▶ TASK STATEMENT
In this exercise, print only the lines from the line with "Sadece düğünümde giydim" to the last line of the data below, inclusive. Any pictures should be left out.

*** EXERCISE DATA

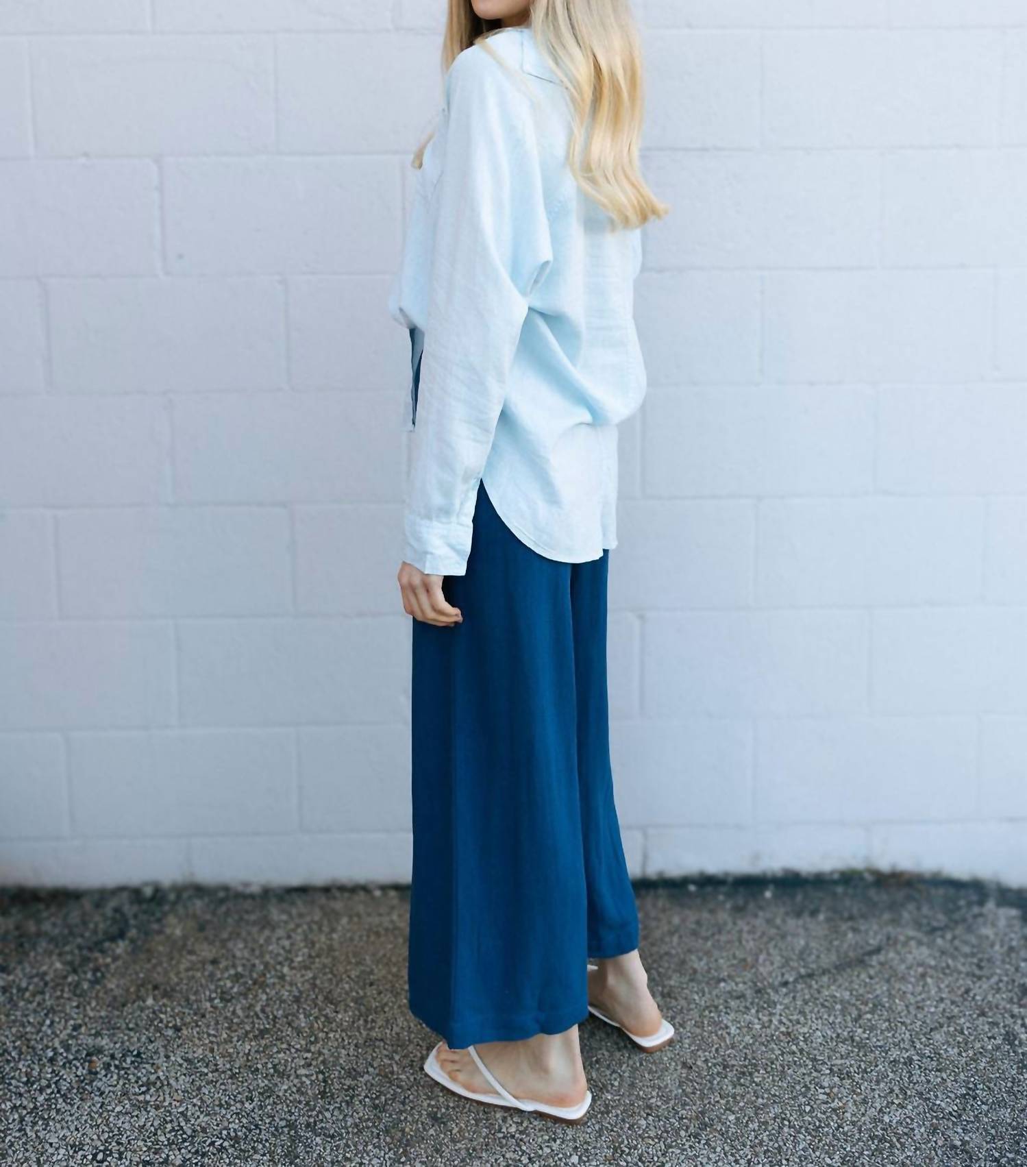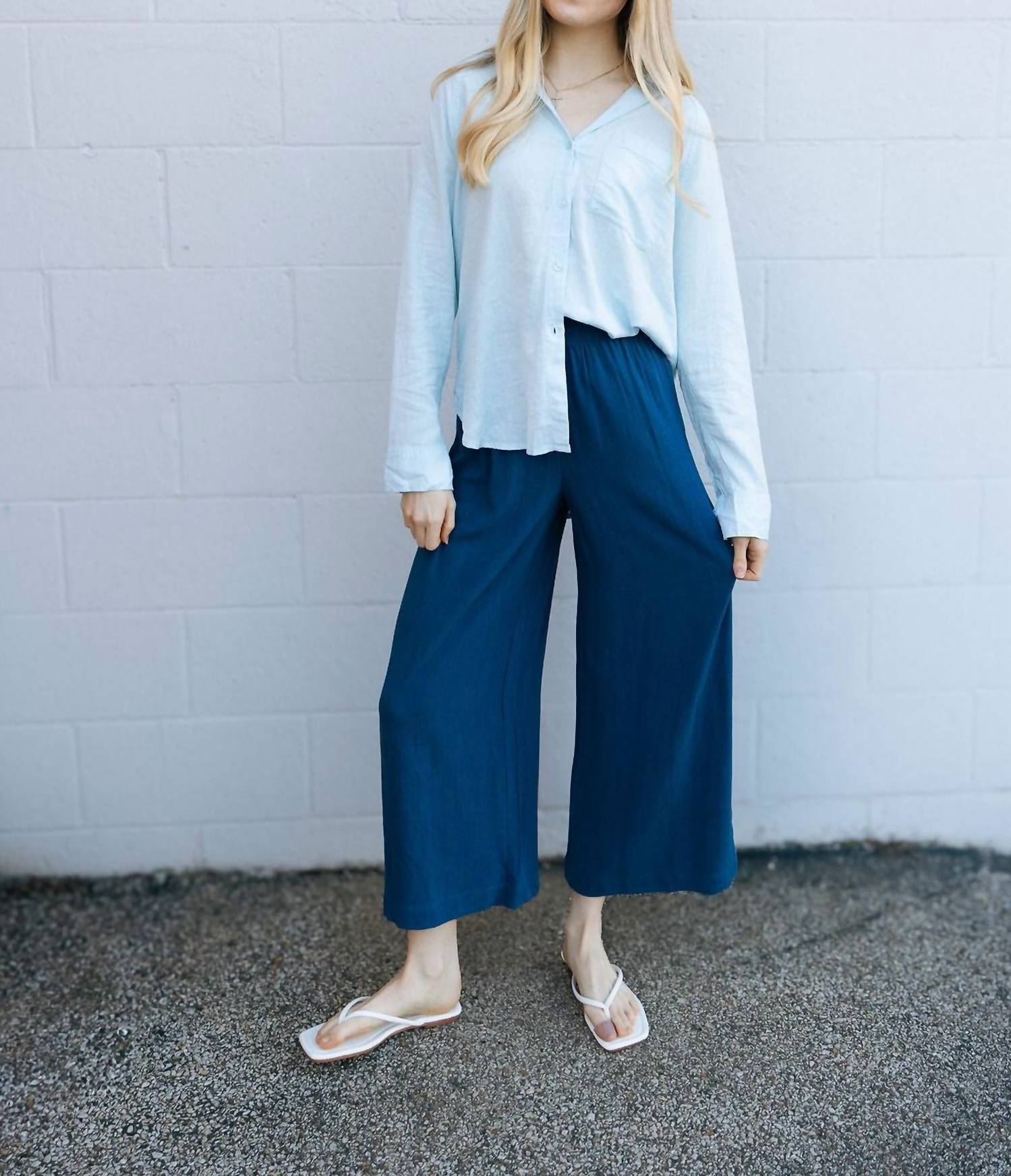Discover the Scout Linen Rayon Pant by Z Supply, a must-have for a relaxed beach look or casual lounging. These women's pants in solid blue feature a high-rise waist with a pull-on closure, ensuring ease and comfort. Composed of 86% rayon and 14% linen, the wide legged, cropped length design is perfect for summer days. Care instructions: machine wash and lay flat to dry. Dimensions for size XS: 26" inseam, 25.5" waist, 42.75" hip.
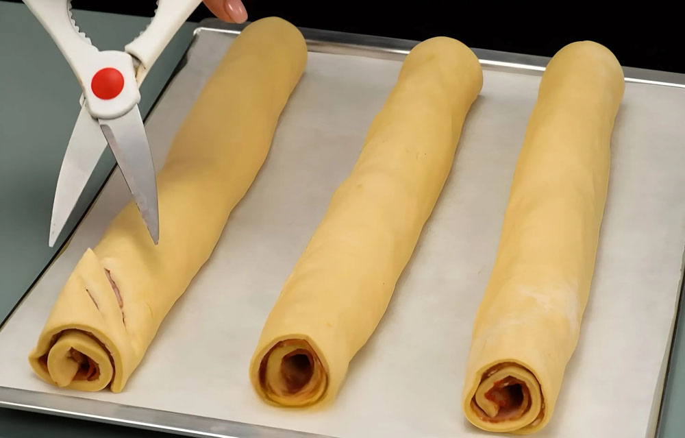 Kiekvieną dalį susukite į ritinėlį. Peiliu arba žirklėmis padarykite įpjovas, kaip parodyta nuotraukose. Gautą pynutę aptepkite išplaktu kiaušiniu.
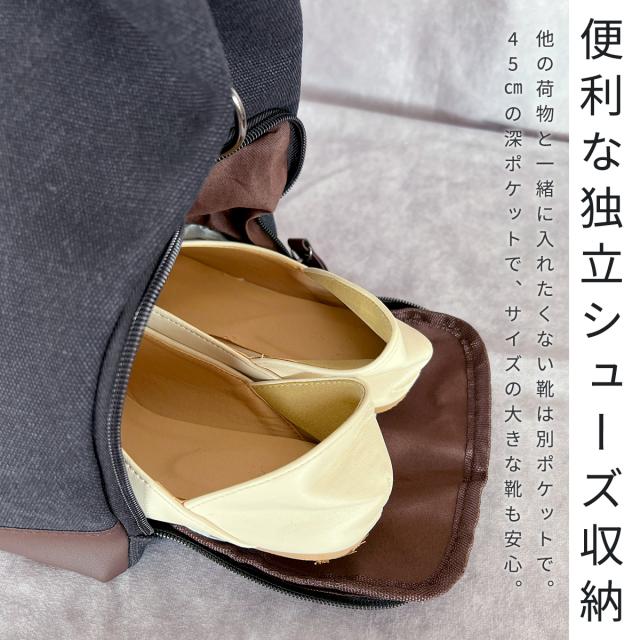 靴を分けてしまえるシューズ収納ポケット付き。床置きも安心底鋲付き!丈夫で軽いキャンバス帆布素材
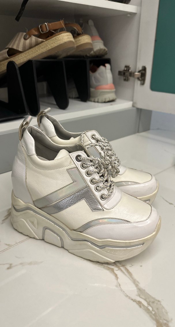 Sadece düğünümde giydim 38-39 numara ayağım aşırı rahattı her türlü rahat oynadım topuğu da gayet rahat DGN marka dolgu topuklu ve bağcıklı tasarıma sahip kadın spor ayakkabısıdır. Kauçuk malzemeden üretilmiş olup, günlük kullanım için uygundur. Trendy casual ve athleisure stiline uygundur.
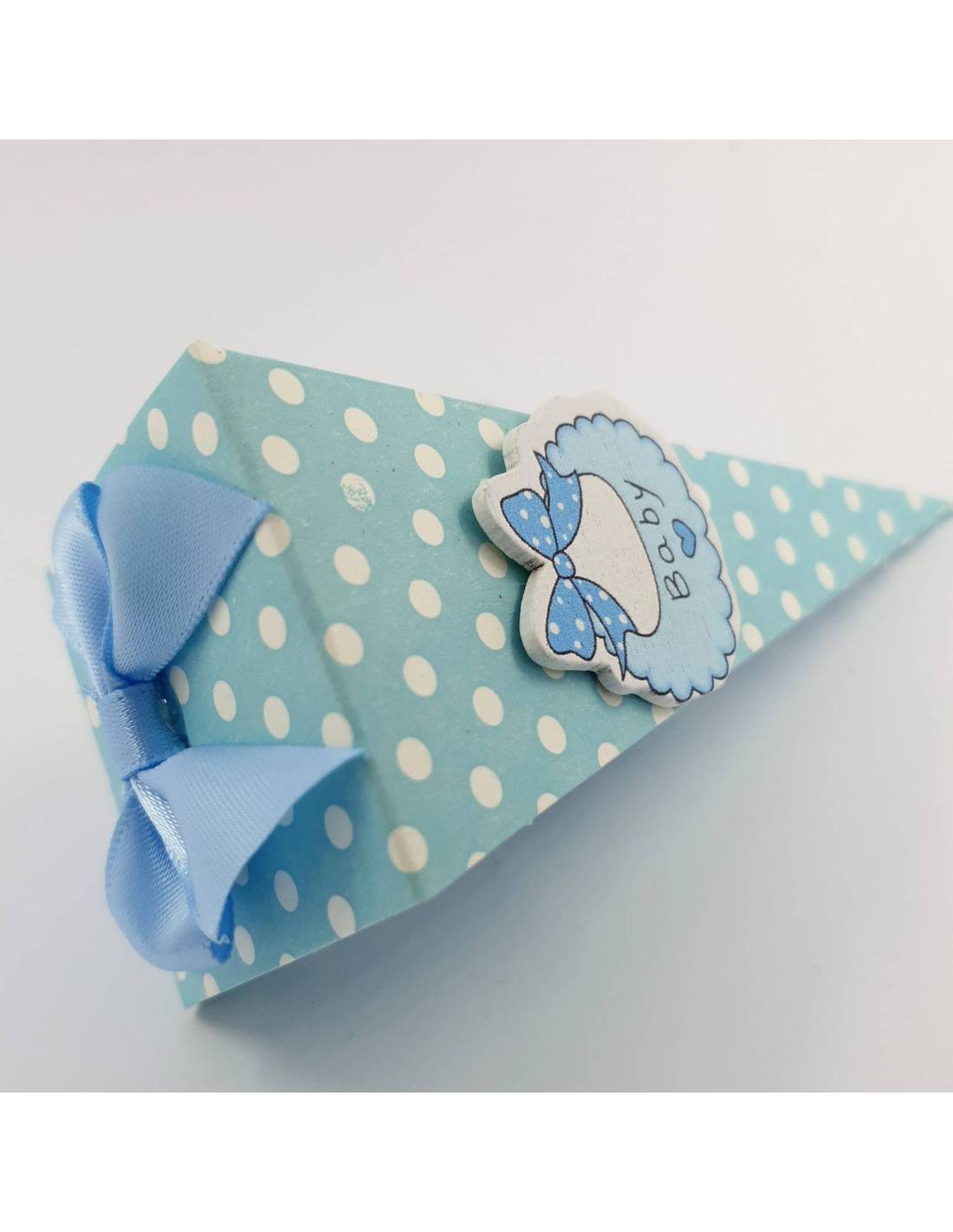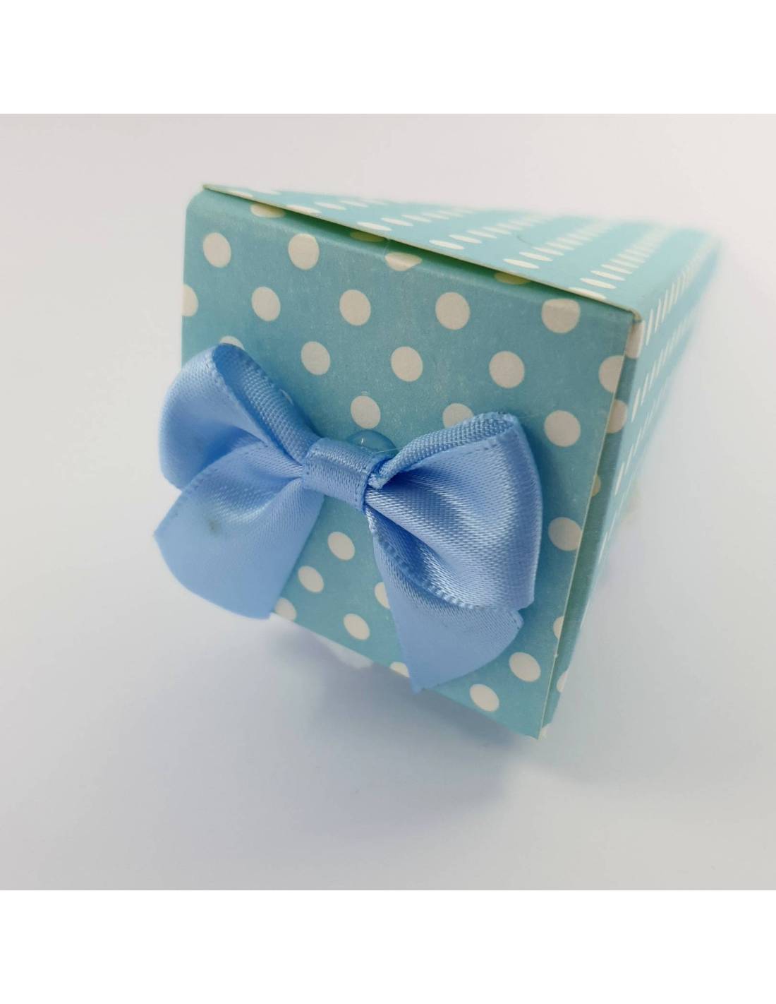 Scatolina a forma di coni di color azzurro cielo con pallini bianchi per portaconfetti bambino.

******

▶ TASK RESPONSE
 Sadece düğünümde giydim 38-39 numara ayağım aşırı rahattı her türlü rahat oynadım topuğu da gayet rahat DGN marka dolgu topuklu ve bağcıklı tasarıma sahip kadın spor ayakkabısıdır. Kauçuk malzemeden üretilmiş olup, günlük kullanım için uygundur. Trendy casual ve athleisure stiline uygundur.
 Scatolina a forma di coni di color azzurro cielo con pallini bianchi per portaconfetti bambino.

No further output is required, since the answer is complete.